Ivan Hewett reviews César Franck: Le Chasseur Maudit, Psyché, Les Éolides, performed by RCS Voices and Royal Scottish National Orchestra, conducted by Jean-Luc Tingaud
One of the enjoyable things about romantic music is the way sex and spirituality often get mixed up. Those sumptuous strings and fluttering harmonies and tinkly harps can open a door onto heaven, but they can also suggest someone getting hot and bothered in a very different sort of paradise, and sometimes it’s hard to know which one the composer meant.
Belgian-born, French-domiciled composer César Franck seemed pretty confused himself. He spent much of life playing and teaching the organ, and projected an image of passionate piety. His band of devoted students played up to the image, dubbing their teacher the “Pater Seraphicus”. The trouble is the music doesn’t always bear out the composer’s self-conception. It positively reeks of Wagnerian eroticism, even in the religious works, and the steaminess only increased as Franck got older.
This new release features three of Franck’s late tone-poems from the 1880s which show the Wagnerian strain in his music at its height. Le Chasseur Maudit (“The Damned Hunter”) is a thrilling portrayal of a hunter doomed to be pursued for all eternity for breaking the prohibition on hunting on the Sabbath. In complete contrast is Les Éolides, an innocent little number which imagines the daughters of Aeolus, God of the winds dancing to create little breezes of their own.
By far the biggest piece on the disc is Psyché. It tells the story of the god Eros, who’s sent by his jealous mother Venus to punish the mortal Psyché for being “more beautiful than beauty itself”. Unsurprisingly Eros conceives a burning passion for the maiden, plucks her from the underworld where the Gods had imprisoned her, and persuades the West Wind to waft her to a heavenly garden where she wakens from a dream-filled slumber. They meet, and the chorus whisper in Psyché’s ear about the charms of love. The inevitable happens, but Psyché breaks the rule that she mustn’t look at Eros, on pain of separation. The chorus laments but the unhappiness doesn’t last long; Franck brings the couple back together, in heaven.
It’s heady stuff, but Franck later became embarrassed about the music’s eroticism, and his student D’Indy tried to foist a Christian allegory onto the myth to save his master’s reputation. There are moments in this new recording when that idea almost seems plausible, when the yearning takes on a spiritual tinge. But mostly the music radiates a French-flavoured Wagnerian sultriness, as if the Flower Maidens from Parsifal have donned bustles and petticoats and taken up residence in a Parisian boudoir.
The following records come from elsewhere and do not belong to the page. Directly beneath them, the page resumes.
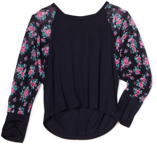 Paperdoll Girls 7-16 Knit Chiffon Top, Navy, X-Large (16)
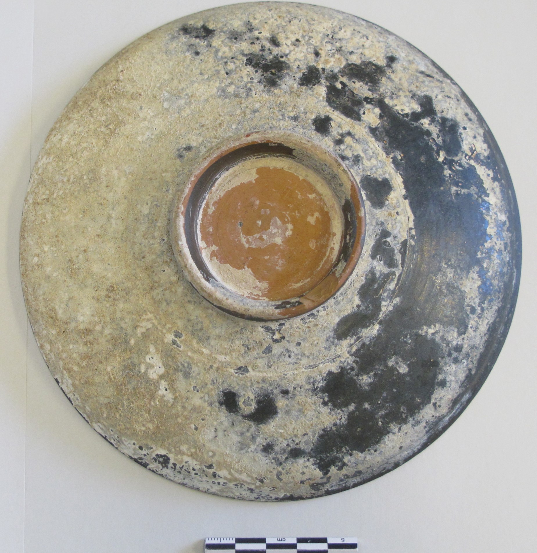 On the surface of the plate are three spots of dark staining on the glaze. These spots appear to be a form of rust and may point to a metal object resting on top for an extended period of time. Although the provenance of this object has been lost and it is unknown what exactly caused the rust and encrustation on the saucer, it was likely resting in the ground with a metal utensil or other object for a significant period.
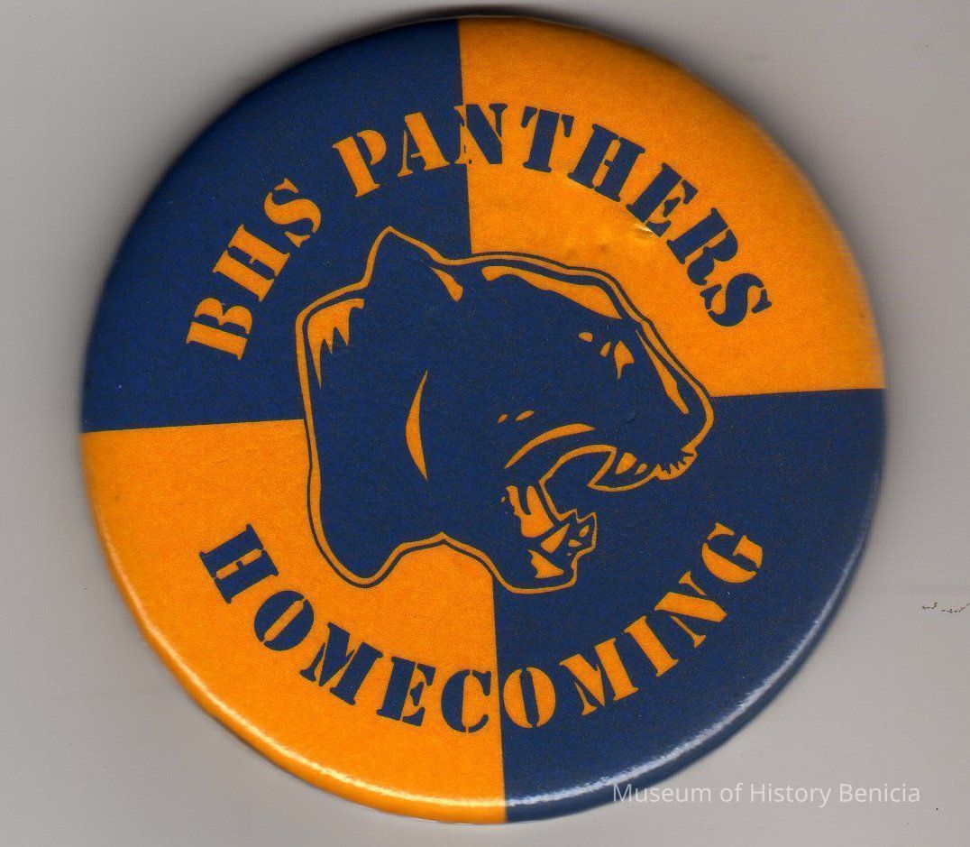 Round Blue and Gold button with BHS PANTHERS HOMECOMING printed around the edge with a panther head in the center. (pin back)
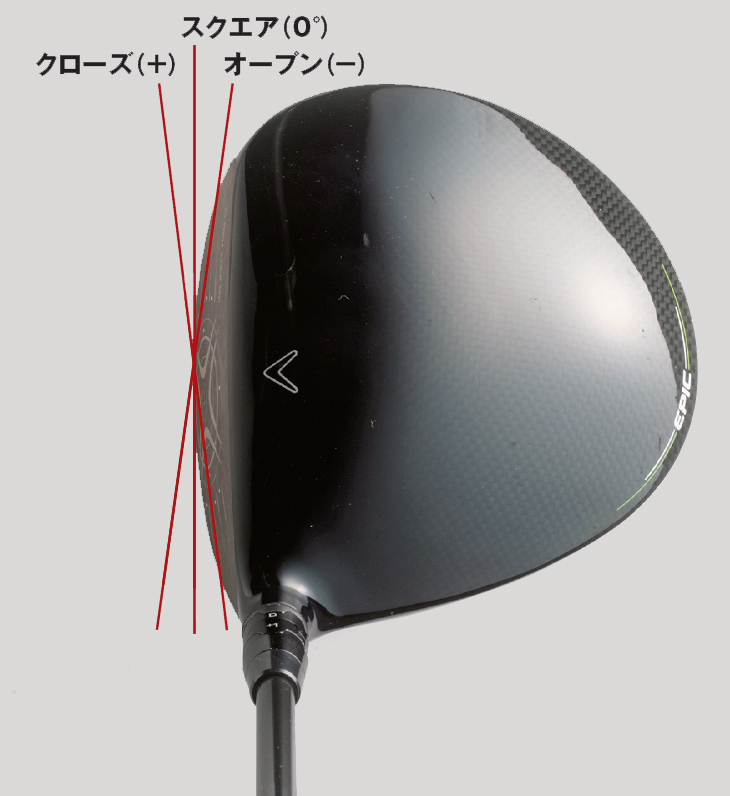 フェース向きを角度で示したもの。右向きのオープンなら球が右に逃げやすく、左向きのクローズドなら球がつかまりやすい。市販モデルの多くはスクエアな0°だが、マスキングなどデザインによっても見え方は変わる。
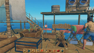 在木筏上使用钩子来收集海域上漂流的物资,不断地累积原材料;
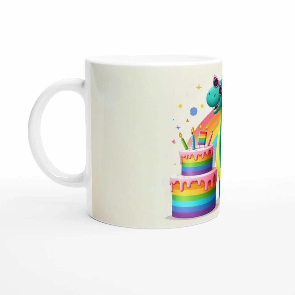parti şapkalı dinozor ve gökkuşağı pastası temasıyla tam bir renk cümbüşü sunuyor!
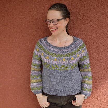 The design is worked top down with neck ribbing, short-rows, then stranded colorwork, sleeve separation and then body finish (length is easily adjusted). Sleeves are worked in stranded colorwork and their length can easily be adjusted as well.

The disc gets off to a cracking start with Le Chasseur Maudit, which races to its doom with reckless energy, with fine-grained playing from the RSNO that adds to the thrill. In Les Éolides the players do their best to trip with Mendelssohn-like lightness, but Franck’s orchestration frankly isn’t the deftest. One gets the impression these diaphanously draped goddesses have thick calves.
The performance of Psyché is given a real lift by the excellent young singers of the Royal Conservatoire of Scotland Voices, who are clear yet rich in sound. The orchestral playing is also fine, but overall the recording is compromised by conductor Jean-Luc Tingaud’s sluggish tempos. The meeting between Psyché and Eros is supposed to be Allegretto (moderately fast) but on this recording it felt becalmed. Tingaud clearly wanted to stress the music’s sultry languor, but even languor needs a bit of rhythmic animation if it isn’t to sink into somnolence.